Exercise prompt: Please restate the records below word for word, leaving out every picture.

Source records:
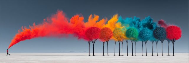 Ephemeral Vibrance: Colorful Trees Dancing in a Surreal Vista
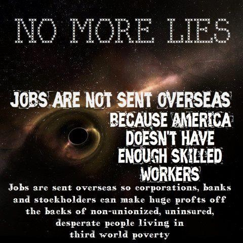 Let’s say you’re retired and living happily on your pension and Social Security. The Social Security fund is set up on the premise that people who are currently working and paying their Social Security are funding the program for you. As more and more jobs are transferred out of the country, the Social Security fund will shrink. This is true for Medicare as well. No matter where you are, where you live, you are affected by factories closing and those jobs being sent to other countries. Even if you’re self-employed, you’re affected.
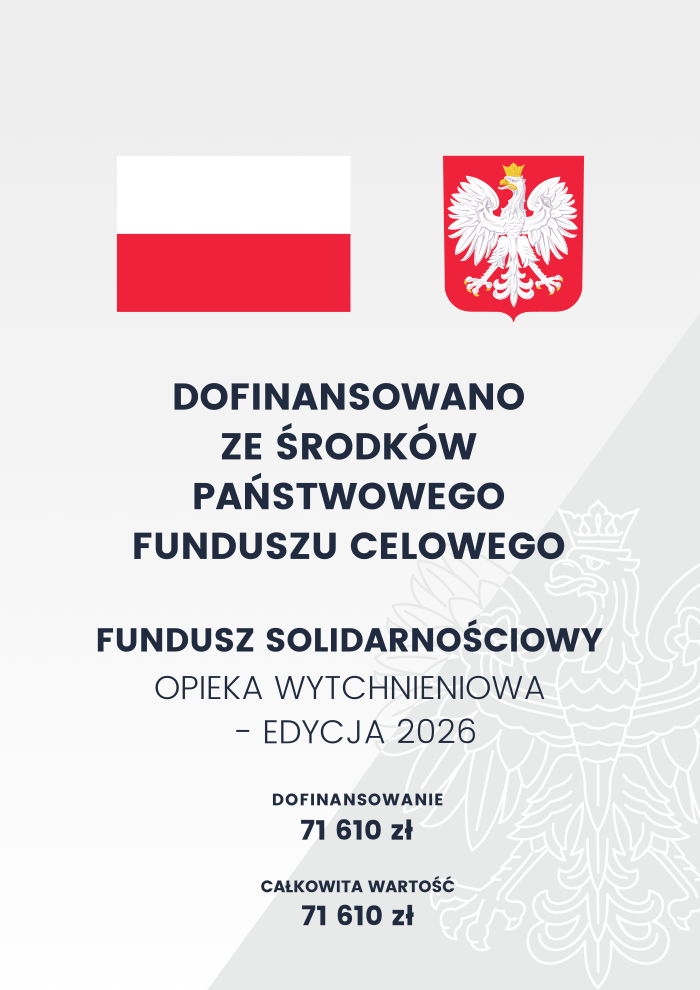 Miejski Ośrodek Pomocy Społecznej w Wysokiem Mazowieckiem w roku 2026 kontynuuje realizację Programu Ministerstwa Rodziny i Polityki Społecznej „Opieka wytchnieniowa” – edycja 2026, który finansowany jest ze środków Funduszu Solidarnościowego. Na realizację Programu w 2026 roku Gmina Miejska Wysokie Mazowieckie otrzymała dofinansowanie w wysokości 71 610zł, całkowita wartość 71 610zł.
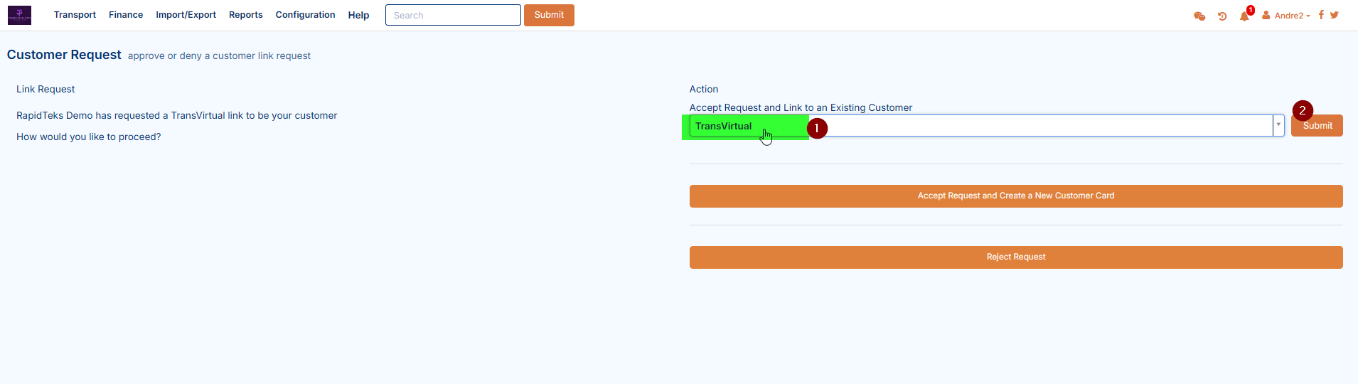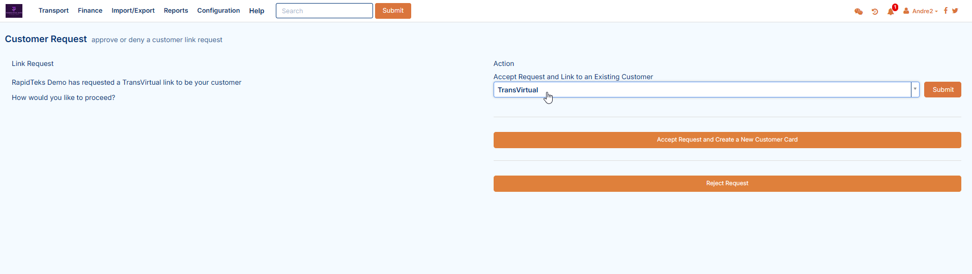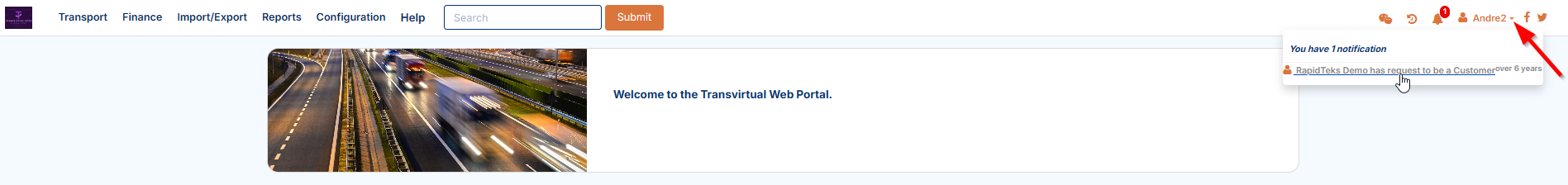To accept a link request from another Transvirtual account, click the dropdown arrow for the login name at the top right:
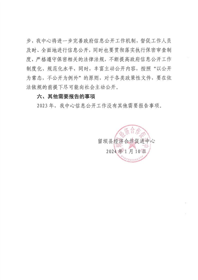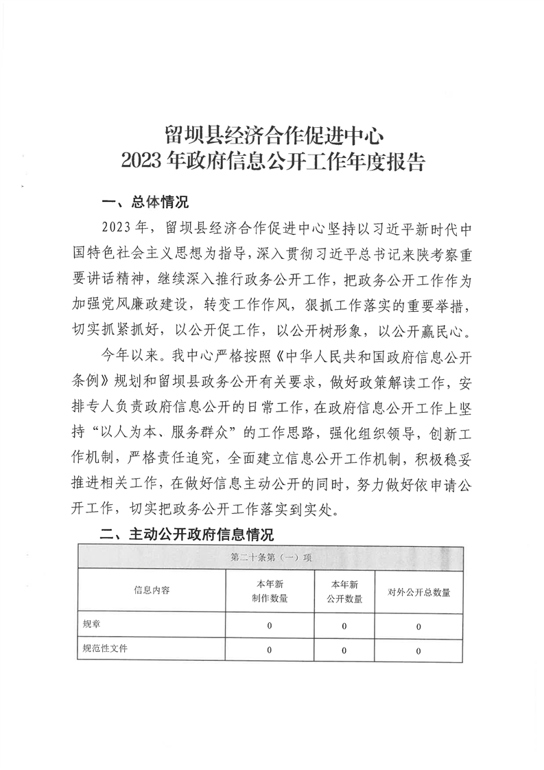 留壩縣經濟合作促進中心2023年政府信息公開工作年度報告
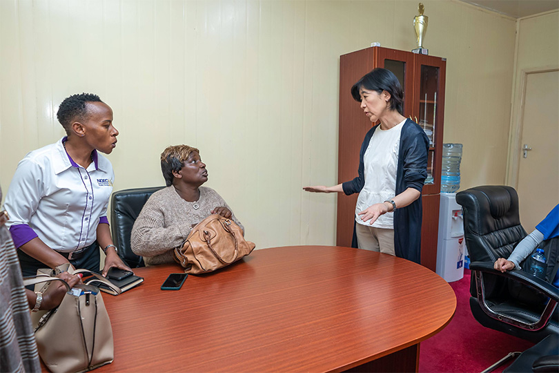 ケニア行政機関(左)や県政府のジェンダー局(中央)と連携し、JICAの久保田さん(右)がプロジェクトの様々な取組に奔走します
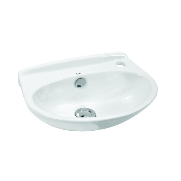 Νιπτήρας πορσελάνης στρογγυλός για τοποθέτηση σε πάγκο με οπή για τοποθέτηση μπαταρίας.
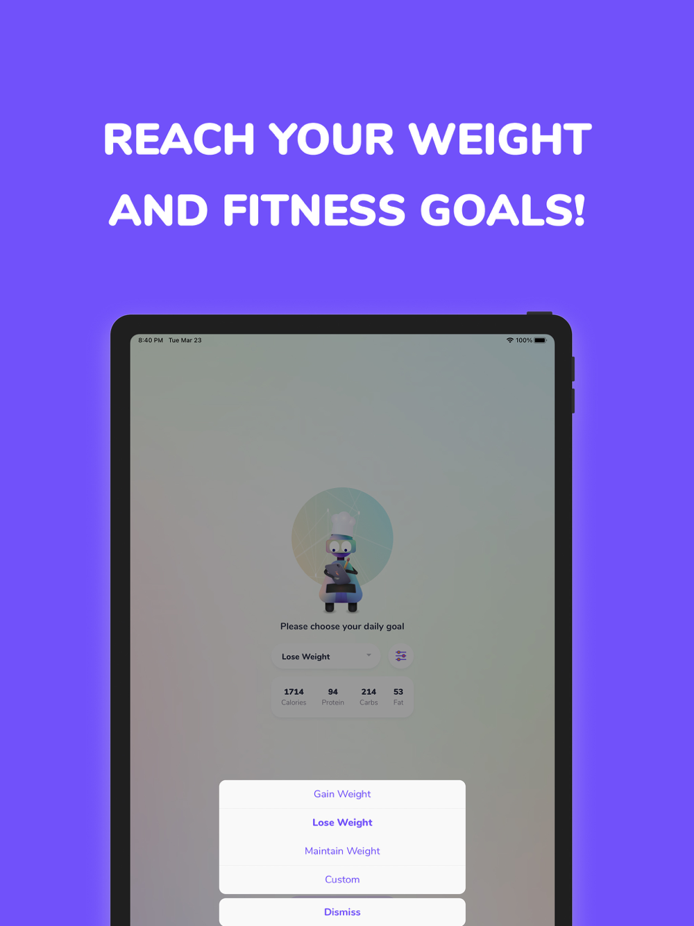 You can select between Losing Fat, Maintaining Weight, or Gaining Muscle. We use the industry standard formulas to set your daily macros based on your weight goals.

Finished task:
 Ephemeral Vibrance: Colorful Trees Dancing in a Surreal Vista
 Let’s say you’re retired and living happily on your pension and Social Security. The Social Security fund is set up on the premise that people who are currently working and paying their Social Security are funding the program for you. As more and more jobs are transferred out of the country, the Social Security fund will shrink. This is true for Medicare as well. No matter where you are, where you live, you are affected by factories closing and those jobs being sent to other countries. Even if you’re self-employed, you’re affected.
 Miejski Ośrodek Pomocy Społecznej w Wysokiem Mazowieckiem w roku 2026 kontynuuje realizację Programu Ministerstwa Rodziny i Polityki Społecznej „Opieka wytchnieniowa” – edycja 2026, który finansowany jest ze środków Funduszu Solidarnościowego. Na realizację Programu w 2026 roku Gmina Miejska Wysokie Mazowieckie otrzymała dofinansowanie w wysokości 71 610zł, całkowita wartość 71 610zł.
To accept a link request from another Transvirtual account, click the dropdown arrow for the login name at the top right:
 留壩縣經濟合作促進中心2023年政府信息公開工作年度報告
 ケニア行政機関(左)や県政府のジェンダー局(中央)と連携し、JICAの久保田さん(右)がプロジェクトの様々な取組に奔走します
 Νιπτήρας πορσελάνης στρογγυλός για τοποθέτηση σε πάγκο με οπή για τοποθέτηση μπαταρίας.
 You can select between Losing Fat, Maintaining Weight, or Gaining Muscle. We use the industry standard formulas to set your daily macros based on your weight goals.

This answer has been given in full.